Assigned task -
Copy the records below exactly, starting at the line that contains "李萍老师攻关计划团队成员胡沐、吴卉梦老师以《高中英语单元的项目化重构与生成 —— 以上外版选必一Unit" and ending at the line that contains "Volume of cooking"; leave out any pictures.

Dataset extract -
▶
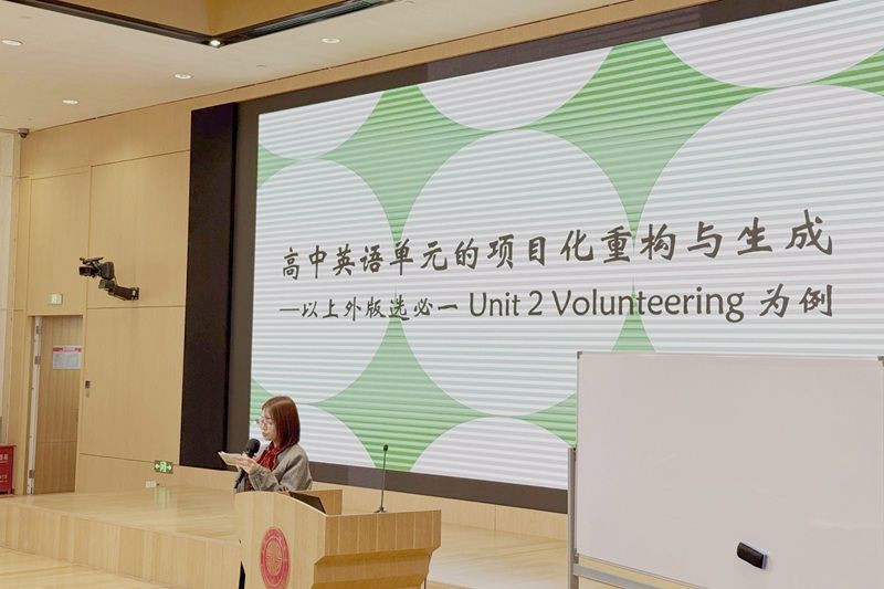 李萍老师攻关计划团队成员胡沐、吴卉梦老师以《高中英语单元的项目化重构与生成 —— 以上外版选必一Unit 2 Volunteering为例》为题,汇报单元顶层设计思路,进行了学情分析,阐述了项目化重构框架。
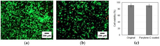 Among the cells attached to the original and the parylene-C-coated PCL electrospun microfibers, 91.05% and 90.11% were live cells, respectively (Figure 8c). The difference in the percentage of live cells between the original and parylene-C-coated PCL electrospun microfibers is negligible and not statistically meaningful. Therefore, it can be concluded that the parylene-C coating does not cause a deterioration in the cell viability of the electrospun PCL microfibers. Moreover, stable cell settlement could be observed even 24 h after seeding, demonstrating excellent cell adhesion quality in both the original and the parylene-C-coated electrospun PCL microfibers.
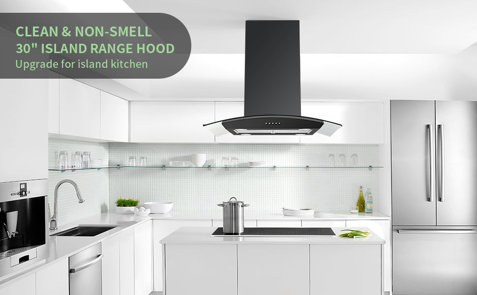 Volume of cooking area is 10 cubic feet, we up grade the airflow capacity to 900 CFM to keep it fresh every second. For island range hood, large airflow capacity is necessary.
◀
▶
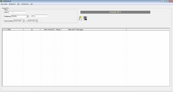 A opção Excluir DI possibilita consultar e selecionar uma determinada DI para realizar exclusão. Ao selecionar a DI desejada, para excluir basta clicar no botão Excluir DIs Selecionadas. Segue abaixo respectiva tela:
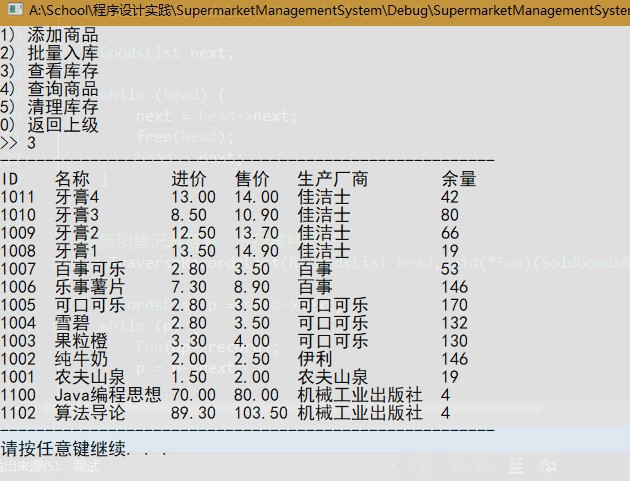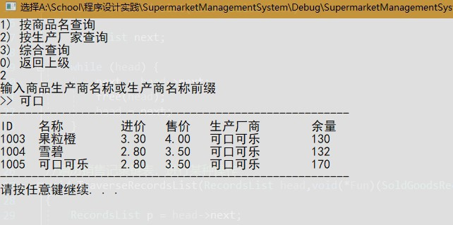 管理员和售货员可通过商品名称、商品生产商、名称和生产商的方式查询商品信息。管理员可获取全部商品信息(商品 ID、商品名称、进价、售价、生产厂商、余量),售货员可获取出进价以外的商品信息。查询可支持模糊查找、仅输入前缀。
◀
▶
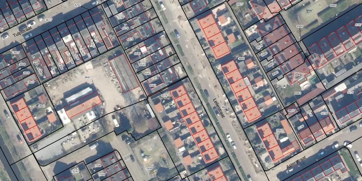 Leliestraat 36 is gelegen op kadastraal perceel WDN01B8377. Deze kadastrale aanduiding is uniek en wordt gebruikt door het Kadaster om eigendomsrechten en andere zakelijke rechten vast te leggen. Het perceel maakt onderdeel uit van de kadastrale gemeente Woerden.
◀
The completed task -
 李萍老师攻关计划团队成员胡沐、吴卉梦老师以《高中英语单元的项目化重构与生成 —— 以上外版选必一Unit 2 Volunteering为例》为题,汇报单元顶层设计思路,进行了学情分析,阐述了项目化重构框架。
 Among the cells attached to the original and the parylene-C-coated PCL electrospun microfibers, 91.05% and 90.11% were live cells, respectively (Figure 8c). The difference in the percentage of live cells between the original and parylene-C-coated PCL electrospun microfibers is negligible and not statistically meaningful. Therefore, it can be concluded that the parylene-C coating does not cause a deterioration in the cell viability of the electrospun PCL microfibers. Moreover, stable cell settlement could be observed even 24 h after seeding, demonstrating excellent cell adhesion quality in both the original and the parylene-C-coated electrospun PCL microfibers.
 Volume of cooking area is 10 cubic feet, we up grade the airflow capacity to 900 CFM to keep it fresh every second. For island range hood, large airflow capacity is necessary.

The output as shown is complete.